This is Your Brain on AI: How Neural Networks are Powering the Drug Industry - By Dekel Gelbman
A little information is a dangerous thing. But what about too much information? The healthcare industry is inundated with data–electronic medical records, genomic data, medical imaging, biometric data, scientific articles, study results–all representing opportunities to personalize disease prevention and treatment.
It can be admittedly overwhelming: researchers and clinicians at every level, including in the pharmaceutical chain, have endless options for where to focus their work, and endless dead ends as well.
Enter artificial intelligence. From identifying disease biomarkers to developing and commercializing therapies, artificial intelligence and machine learning is becoming indispensable for understanding and prioritizing the opportunities these mountains of data represent.

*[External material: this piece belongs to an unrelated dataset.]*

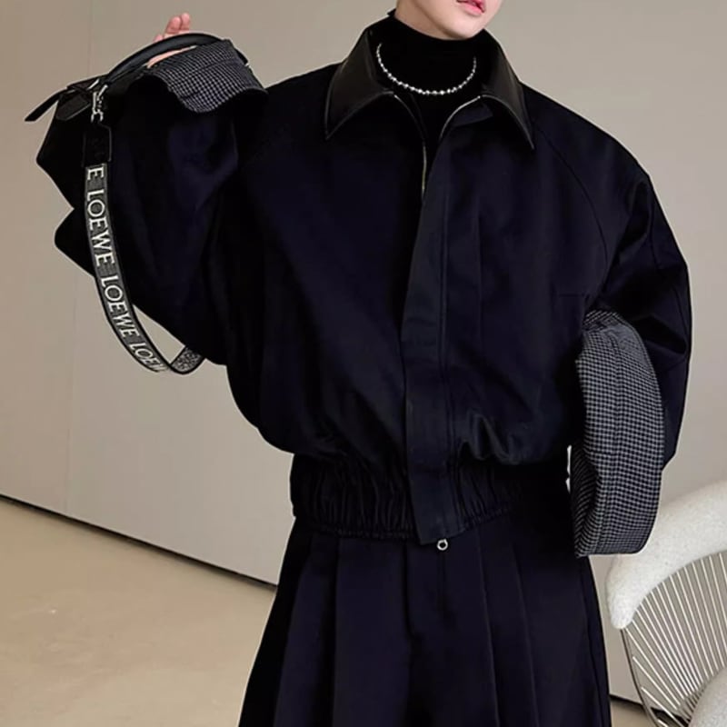 オープンカラー 長袖 クロップド ジップアップ ジャケット 2color MOJ0118

Deep learning platforms like Deep Patient have already shown their ability to efficiently analyze EHRs to predict schizophrenia and severe diabetes. Two different neural networks have been trained to work together to diagnose tuberculosis from x-rays. Face2Gene algorithms are using facial analysis and HPO terms to help doctors and pharma recognize patients with phenotypes related to diseases, such as Sanfilippo Syndrome (MPSIII). These technologies are improving the identification of biomarkers and phenotypes and accelerating the discovery of correlations between disease and the plethora of patient data available.

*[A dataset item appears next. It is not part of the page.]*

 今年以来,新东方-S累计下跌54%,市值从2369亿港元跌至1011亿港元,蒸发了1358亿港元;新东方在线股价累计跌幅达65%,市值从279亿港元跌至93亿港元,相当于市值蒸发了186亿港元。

And once those correlations are made, AI can get to work researching treatment options. Iris.AI is effectively a research assistant–imagine Star Trek’s Data android rapidly scanning research from around the globe, but without the unnerving yellow eyes. These neural networks even go beyond examining the present to start theorizing. Atomwise’s AtomNet can design drug models to see if they’re likely to interact with relevant disease molecules. If they do in a 3D model, the models may be worth synthesizing and testing.
Of course, once AI helps research and proposes new drug treatments, they still need to be tested. Certainly none of these neural networks are swallowing the pills or wincing during injections, but they can help find patients for clinical trials. Systems like Trials.AI lighten the administrative load and guide patients. The same in-depth patient profiles AI helped humans create back in the discovery stage can be leveraged to find people most likely to respond to treatments–a huge benefit when 90 percent of blockbuster medicines only work for 30-50 percent of patients.
All told, AI’s application in pharma–more exactly, precision medicine– can reduce the cost of drug discovery to the tune of $26 billion worldwide. With humans at the helm, AI can help synthesize and analyze more data than researchers and patients could review in a lifetime.
As CERN’s Research and Computing Director Eckhard said, “Too much high-quality data may be a challenge, but it is a good problem to have.”
About Dekel Gelman:
Dekel Gelbman, CEO, FDNA, leads the corporate and business strategy of the company that turned an early stage computer vision technology into an innovative digital health platform and database used by thousands of clinicians, researchers and labs globally in the evaluation of genetic and other rare disease patients.